> [Prompt]:
Take the line containing "Die letzten 150HM" and every line after it in the data below, and print them exactly as given, with nothing else.

> [Data extract]:
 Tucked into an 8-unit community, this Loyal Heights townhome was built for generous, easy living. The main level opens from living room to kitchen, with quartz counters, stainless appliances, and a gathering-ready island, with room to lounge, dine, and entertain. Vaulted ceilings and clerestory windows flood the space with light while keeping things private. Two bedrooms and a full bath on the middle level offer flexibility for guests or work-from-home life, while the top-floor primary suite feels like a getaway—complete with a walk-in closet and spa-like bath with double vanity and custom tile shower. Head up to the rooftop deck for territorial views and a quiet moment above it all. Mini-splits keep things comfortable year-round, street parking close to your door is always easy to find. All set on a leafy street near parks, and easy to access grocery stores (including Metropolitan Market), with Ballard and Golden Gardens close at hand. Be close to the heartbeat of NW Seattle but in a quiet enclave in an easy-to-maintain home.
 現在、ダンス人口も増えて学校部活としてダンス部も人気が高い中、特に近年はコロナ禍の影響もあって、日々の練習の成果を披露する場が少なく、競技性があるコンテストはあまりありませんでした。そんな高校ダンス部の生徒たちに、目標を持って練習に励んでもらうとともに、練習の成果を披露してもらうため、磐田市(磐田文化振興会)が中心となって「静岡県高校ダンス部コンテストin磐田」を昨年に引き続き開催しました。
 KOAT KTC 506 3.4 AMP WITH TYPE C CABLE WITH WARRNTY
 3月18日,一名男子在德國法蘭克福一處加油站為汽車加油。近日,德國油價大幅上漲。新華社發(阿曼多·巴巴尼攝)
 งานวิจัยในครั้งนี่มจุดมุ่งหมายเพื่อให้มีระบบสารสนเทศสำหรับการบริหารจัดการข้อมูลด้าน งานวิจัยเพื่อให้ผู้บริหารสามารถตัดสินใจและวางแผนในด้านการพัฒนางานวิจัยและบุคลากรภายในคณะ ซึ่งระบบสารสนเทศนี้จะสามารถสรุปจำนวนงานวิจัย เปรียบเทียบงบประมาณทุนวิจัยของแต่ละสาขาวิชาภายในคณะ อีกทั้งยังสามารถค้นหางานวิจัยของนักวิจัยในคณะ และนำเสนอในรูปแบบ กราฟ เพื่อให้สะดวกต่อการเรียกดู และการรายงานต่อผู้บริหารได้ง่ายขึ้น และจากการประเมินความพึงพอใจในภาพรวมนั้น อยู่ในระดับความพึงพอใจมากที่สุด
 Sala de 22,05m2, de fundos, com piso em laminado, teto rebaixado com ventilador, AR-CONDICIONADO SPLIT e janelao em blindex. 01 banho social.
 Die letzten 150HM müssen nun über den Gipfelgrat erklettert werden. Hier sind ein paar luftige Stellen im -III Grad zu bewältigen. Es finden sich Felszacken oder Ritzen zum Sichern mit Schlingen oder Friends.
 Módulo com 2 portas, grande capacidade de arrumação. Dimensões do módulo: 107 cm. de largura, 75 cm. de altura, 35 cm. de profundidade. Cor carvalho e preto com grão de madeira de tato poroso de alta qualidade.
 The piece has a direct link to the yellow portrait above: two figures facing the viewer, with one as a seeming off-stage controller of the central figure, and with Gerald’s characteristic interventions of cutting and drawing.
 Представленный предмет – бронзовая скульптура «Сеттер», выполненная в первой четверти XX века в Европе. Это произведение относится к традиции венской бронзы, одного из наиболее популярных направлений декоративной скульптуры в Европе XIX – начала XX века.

> [Task result]:
 Die letzten 150HM müssen nun über den Gipfelgrat erklettert werden. Hier sind ein paar luftige Stellen im -III Grad zu bewältigen. Es finden sich Felszacken oder Ritzen zum Sichern mit Schlingen oder Friends.
 Módulo com 2 portas, grande capacidade de arrumação. Dimensões do módulo: 107 cm. de largura, 75 cm. de altura, 35 cm. de profundidade. Cor carvalho e preto com grão de madeira de tato poroso de alta qualidade.
 The piece has a direct link to the yellow portrait above: two figures facing the viewer, with one as a seeming off-stage controller of the central figure, and with Gerald’s characteristic interventions of cutting and drawing.
 Представленный предмет – бронзовая скульптура «Сеттер», выполненная в первой четверти XX века в Европе. Это произведение относится к традиции венской бронзы, одного из наиболее популярных направлений декоративной скульптуры в Европе XIX – начала XX века.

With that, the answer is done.